### [Work instruction]
When you reach the line with "During the skatepark" in the records below, begin transcribing exactly and continue up to and including the line with "Les Italiens vont", leaving out every picture.

### [Information given]
*** Block opens ***

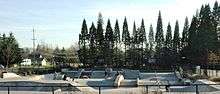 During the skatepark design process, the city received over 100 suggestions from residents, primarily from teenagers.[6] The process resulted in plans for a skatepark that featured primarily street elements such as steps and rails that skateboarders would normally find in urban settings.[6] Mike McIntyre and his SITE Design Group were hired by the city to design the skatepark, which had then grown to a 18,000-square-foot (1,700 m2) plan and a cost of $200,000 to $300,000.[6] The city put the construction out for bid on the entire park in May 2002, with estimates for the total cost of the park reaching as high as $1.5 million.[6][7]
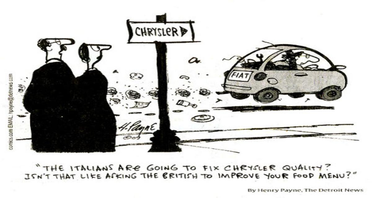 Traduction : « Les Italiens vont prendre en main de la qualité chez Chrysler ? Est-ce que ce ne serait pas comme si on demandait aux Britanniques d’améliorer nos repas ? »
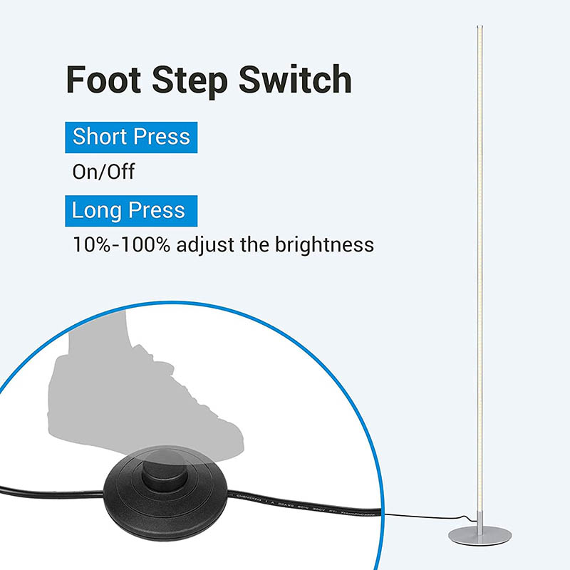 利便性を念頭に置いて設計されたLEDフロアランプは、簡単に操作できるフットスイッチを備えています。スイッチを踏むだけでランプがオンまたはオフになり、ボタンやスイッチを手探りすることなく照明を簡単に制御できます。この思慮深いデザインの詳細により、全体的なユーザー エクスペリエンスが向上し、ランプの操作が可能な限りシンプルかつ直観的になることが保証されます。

*** Block closes ***
*** Block opens ***

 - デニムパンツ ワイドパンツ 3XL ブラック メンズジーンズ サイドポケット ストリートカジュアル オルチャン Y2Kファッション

*** Block closes ***
*** Block opens ***

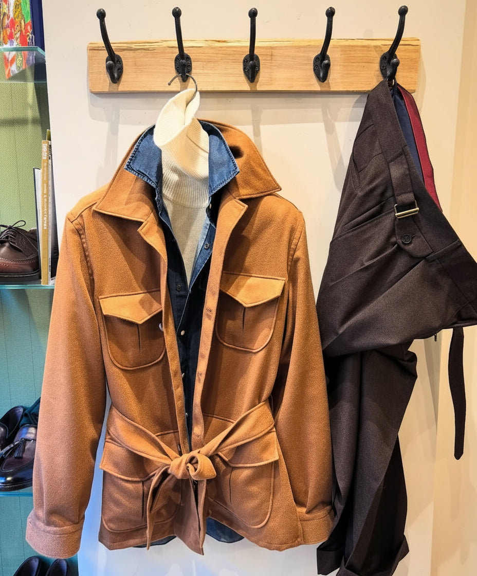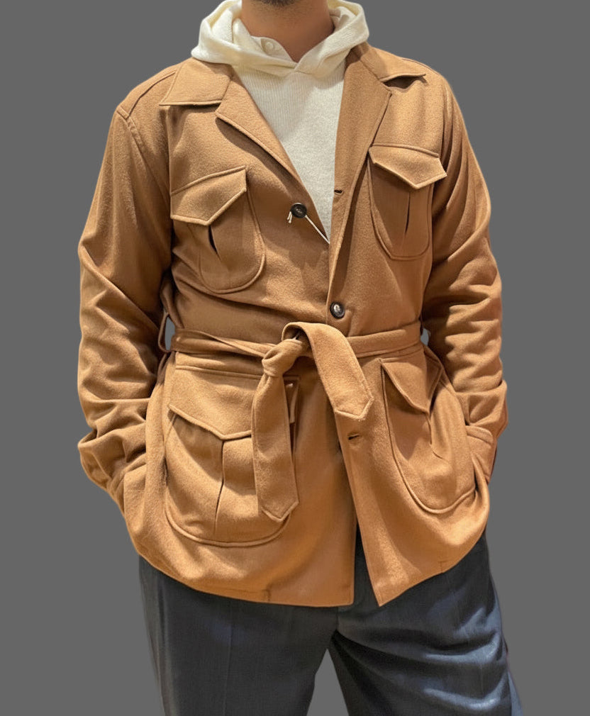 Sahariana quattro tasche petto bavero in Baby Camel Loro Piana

*** Block closes ***

### [Answer box]
 During the skatepark design process, the city received over 100 suggestions from residents, primarily from teenagers.[6] The process resulted in plans for a skatepark that featured primarily street elements such as steps and rails that skateboarders would normally find in urban settings.[6] Mike McIntyre and his SITE Design Group were hired by the city to design the skatepark, which had then grown to a 18,000-square-foot (1,700 m2) plan and a cost of $200,000 to $300,000.[6] The city put the construction out for bid on the entire park in May 2002, with estimates for the total cost of the park reaching as high as $1.5 million.[6][7]
 Traduction : « Les Italiens vont prendre en main de la qualité chez Chrysler ? Est-ce que ce ne serait pas comme si on demandait aux Britanniques d’améliorer nos repas ? »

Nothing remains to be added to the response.